Che è un discorso, questo, che ho sempre cercato di applicare alla musica, pur considerando alcune vette come irraggiungibili, per tutta una serie di fattori, che vanno dalla line- up dei musicisti, alla qualità dei testi, alla sana rabbia comunicativa che dovrebbe esserci in ogni disco.
Una di queste vette quest’anno fa quarant’anni. Ed è, in qualche modo, legata al capodanno. Perché era un capodanno l’ultima volta che Pino Daniele ci inondò del suo genio musicale visionario.
Capite che per uno che naviga principalmente fra musica d’autore e blues, parlare di Pino Daniele è come andare a nozze.

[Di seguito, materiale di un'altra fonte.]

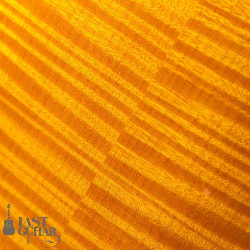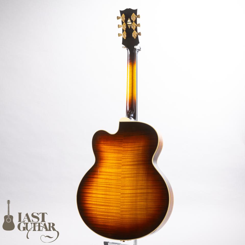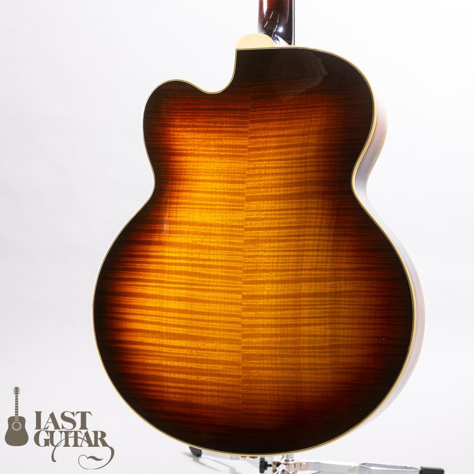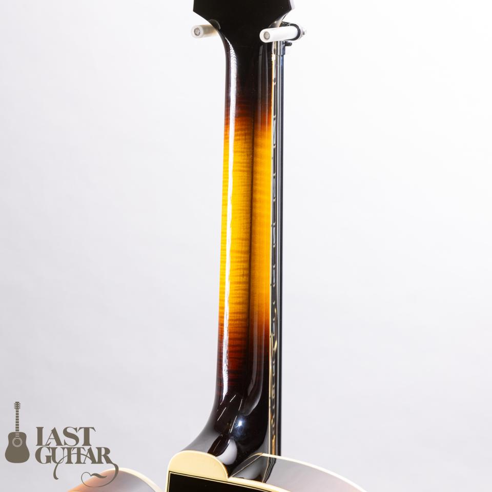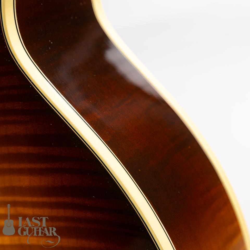 とても美しいアーチを持つトップには、目の詰まった上質なスプルース、サイド&バックには、とてもきれいな極上のフィギュアドフレイムメイプル、そしてネックにも美しいフィギュアドフレイムメイプルが使用されております。フィンガーボードは、高級材エボニーで、最高峰に相応しい豪華なウッドマテリアルとなっております。ネックまわりは、ナット幅は約44ミリで、程よい厚みを持ったグリップ感で比較的どなたにも馴染みやすいと思います。ピックアップは、王道の’57 Classicを2基搭載しており、ロングスケール、貫禄たっぷりのボディとの組み合わせから生まれる豊かなトーンは素晴らしいです。
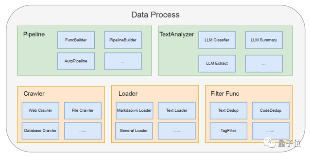 - ️ Data Process:数据处理模块,提供文档加载器、数据清洗、文本切分的功能,处理和整合多源格式的数据文档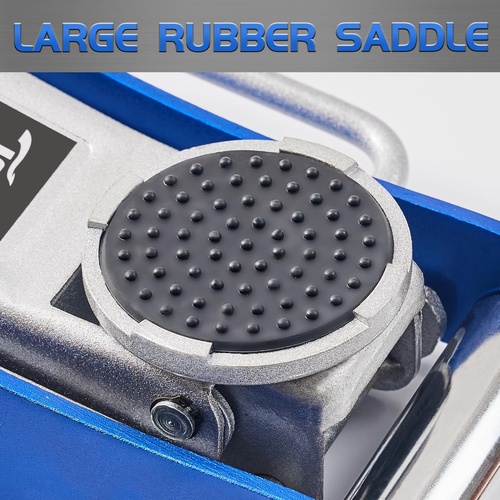 PROTECTIVE RUBBER SADDLE: Our floor jack features a durable, large rubber saddle that helps align with the side welding seam. This prevents bending or scratching of your frame rail and protects painted or coated chassis components

Soprattutto se c’è da parlare di “Nero a metà” , che è uno di quegli album a cui devo un bel po’ della mia formazione musicale, appunto. Lo ascolto, con grande metodicità, almeno una volta al mese, tanto per mettere subito in chiaro le cose. Ecco, questa è una di quelle vette irraggiungibili di cui parlavo sopra. E, dato che è abbastanza inutile parlare “strettamente” dei pezzi, anche perché c’è chi lo ha fatto meglio di me, mi prendo la libertà di parlare dell’album a ruota libera.
C’è tutto, in “Nero a metà” . Ricerca musicale, varietà di generi ed influenze, virtuosismo, testi importanti, resistenza, dichiarazioni d’intenti, manifesti artistici.

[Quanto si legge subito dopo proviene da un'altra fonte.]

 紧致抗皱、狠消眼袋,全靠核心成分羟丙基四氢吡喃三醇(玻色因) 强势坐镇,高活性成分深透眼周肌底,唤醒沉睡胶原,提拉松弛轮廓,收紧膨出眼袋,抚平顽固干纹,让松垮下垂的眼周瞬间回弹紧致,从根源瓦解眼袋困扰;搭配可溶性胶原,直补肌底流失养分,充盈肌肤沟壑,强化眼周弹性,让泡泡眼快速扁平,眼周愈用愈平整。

Ma non mi sembra il caso di andare totalmente ad canis mentula, l’album non lo merita ed io devo dare sfogo alla mia verbosità.
Cominciamo dal background “storico”: Pino ha circa venticinque anni, viene da due lavori precedenti, “Terra Mia” e “Pino Daniele” , e dall’esperienza come bassista nei Napoli Centrale, insieme a James Senese. E’ facile capire quanto, anche in relazione al contesto storico- sociale della Napoli di allora, l’ambiente di lavoro fosse assolutamente fertile: nella zona della Sanità circolavano, solo per citarne alcuni, Pino Daniele, Enzo Avitabile, James Senese, Corrado Rustici, i fratelli Bennato, Tullio de Piscopo, Joe Amoruso. Praticamente il meglio, fra musicisti, compositori e cantautori, che la musica partenopea lancerà negli anni a venire. Sono gli anni del Neapolitan Power, di gente che racconta la propria città, con tutte le sue contraddizioni. E la racconta usando il proprio dialetto, ma con delle musiche colorate di tante altre tradizioni. E’ una vera e propria rivoluzione, culturale ed artistica. “Napul’è” e “Je so’ pazzo” sono due veri e propri manifesti ideologici, due dichiarazioni di intenti. Fanno parte, rispettivamente, del primo e del secondo album di Daniele, correvano gli anni ’77 e ’79.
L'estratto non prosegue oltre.